*Records for processing*.

--- START ---

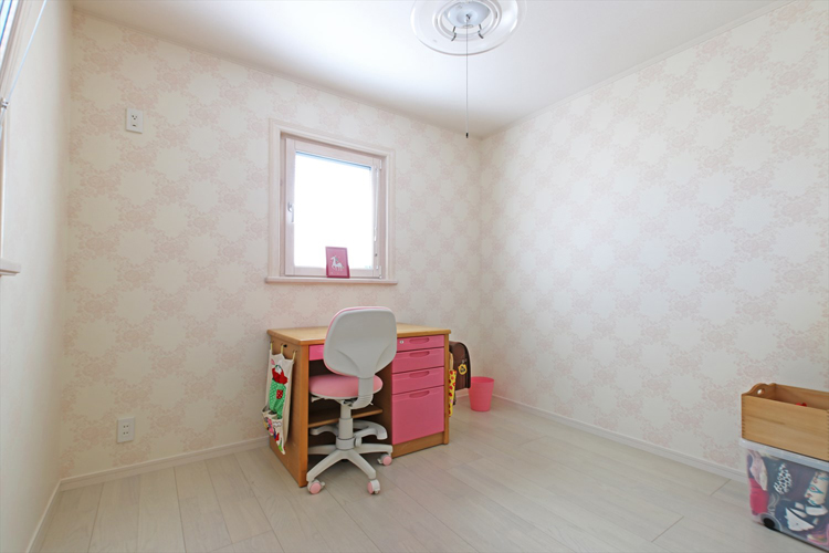 今は机をおいているお嬢様の部屋。ピンク色をベースにしてかわいい雰囲気タップリです。
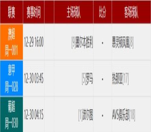 其他赛事比分:
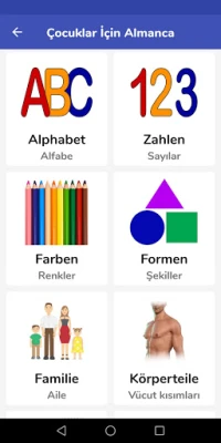 - Bu uygulama, çocuklar veya yeni başlayanlar için Almanca öğrenmenin bir yoludur. Almanca öğrenmeyi verimli ve eğlenceli hale getirir.
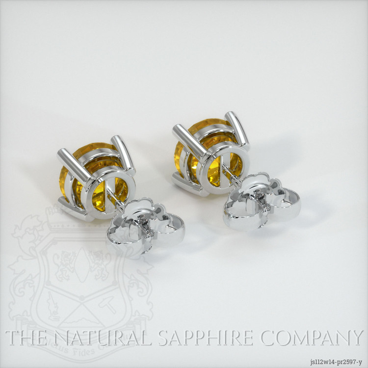 The earrings feature a beautiful, transparent pair of sapphires that are 1.59 total carat weight. They are round shape yellow sapphires, with the dimensions of 5.47 x 5.42 x 3.56 mm and are mixed brilliant cut, have a clarity grade of eye clean (evaluated at eye level), intense color saturation, and an excellent polish. The origin of this pair of sapphires is Ceylon (Sri Lanka).
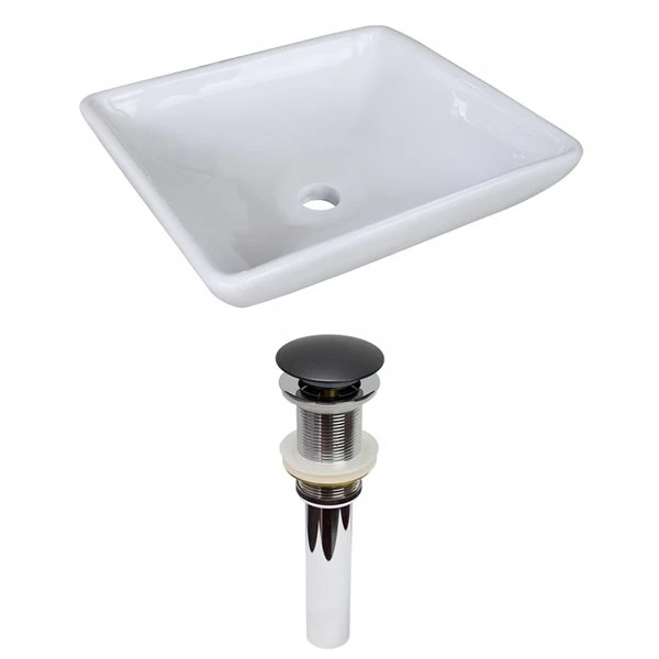 American Imaginations White Ceramic 15.75-in Square Vessel Sink Set With Black Hardware
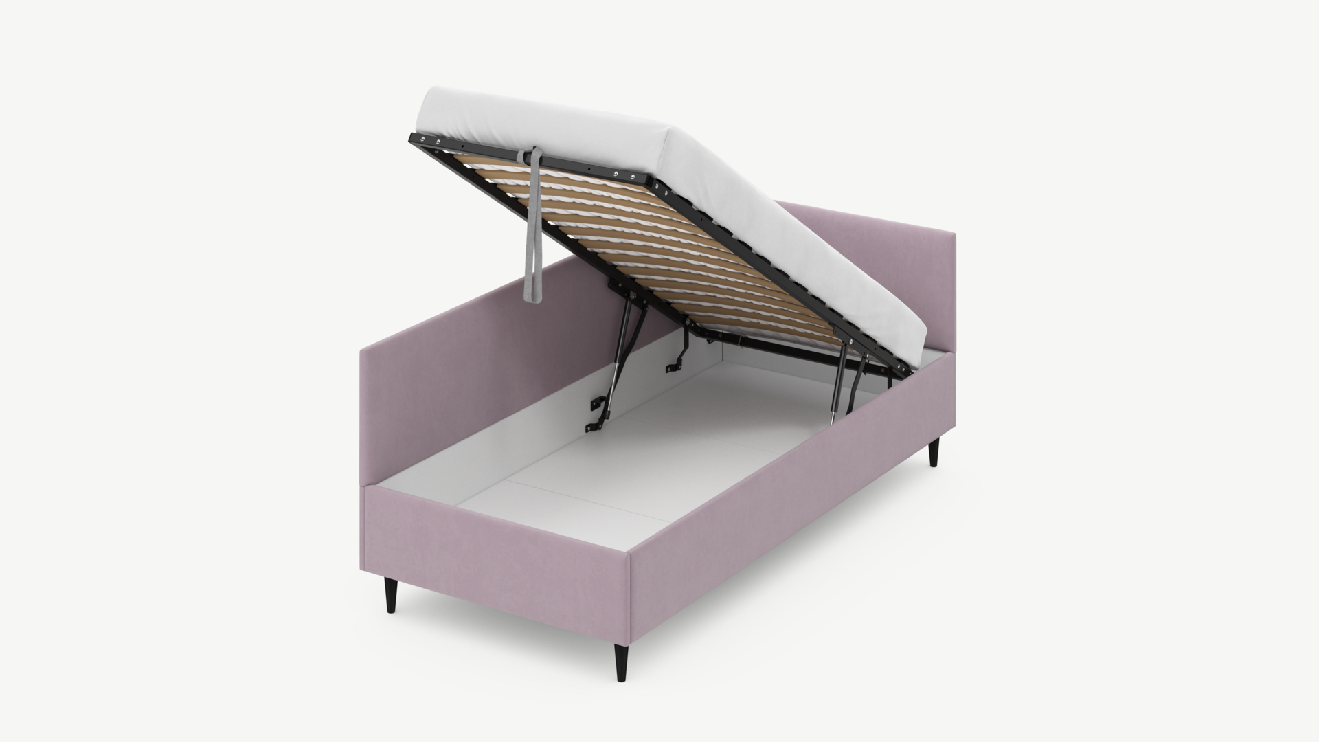 • Скрытая под основанием вместительная емкость без внутренних перегородок позволяет использовать всю площадь подкроватного пространства для хранения вещей.

--- END ---

Each entry shown above must be quoted exactly, with its pictures left out.

*Answer*.
 今は机をおいているお嬢様の部屋。ピンク色をベースにしてかわいい雰囲気タップリです。
 其他赛事比分:
 - Bu uygulama, çocuklar veya yeni başlayanlar için Almanca öğrenmenin bir yoludur. Almanca öğrenmeyi verimli ve eğlenceli hale getirir.
 The earrings feature a beautiful, transparent pair of sapphires that are 1.59 total carat weight. They are round shape yellow sapphires, with the dimensions of 5.47 x 5.42 x 3.56 mm and are mixed brilliant cut, have a clarity grade of eye clean (evaluated at eye level), intense color saturation, and an excellent polish. The origin of this pair of sapphires is Ceylon (Sri Lanka).
 American Imaginations White Ceramic 15.75-in Square Vessel Sink Set With Black Hardware
 • Скрытая под основанием вместительная емкость без внутренних перегородок позволяет использовать всю площадь подкроватного пространства для хранения вещей.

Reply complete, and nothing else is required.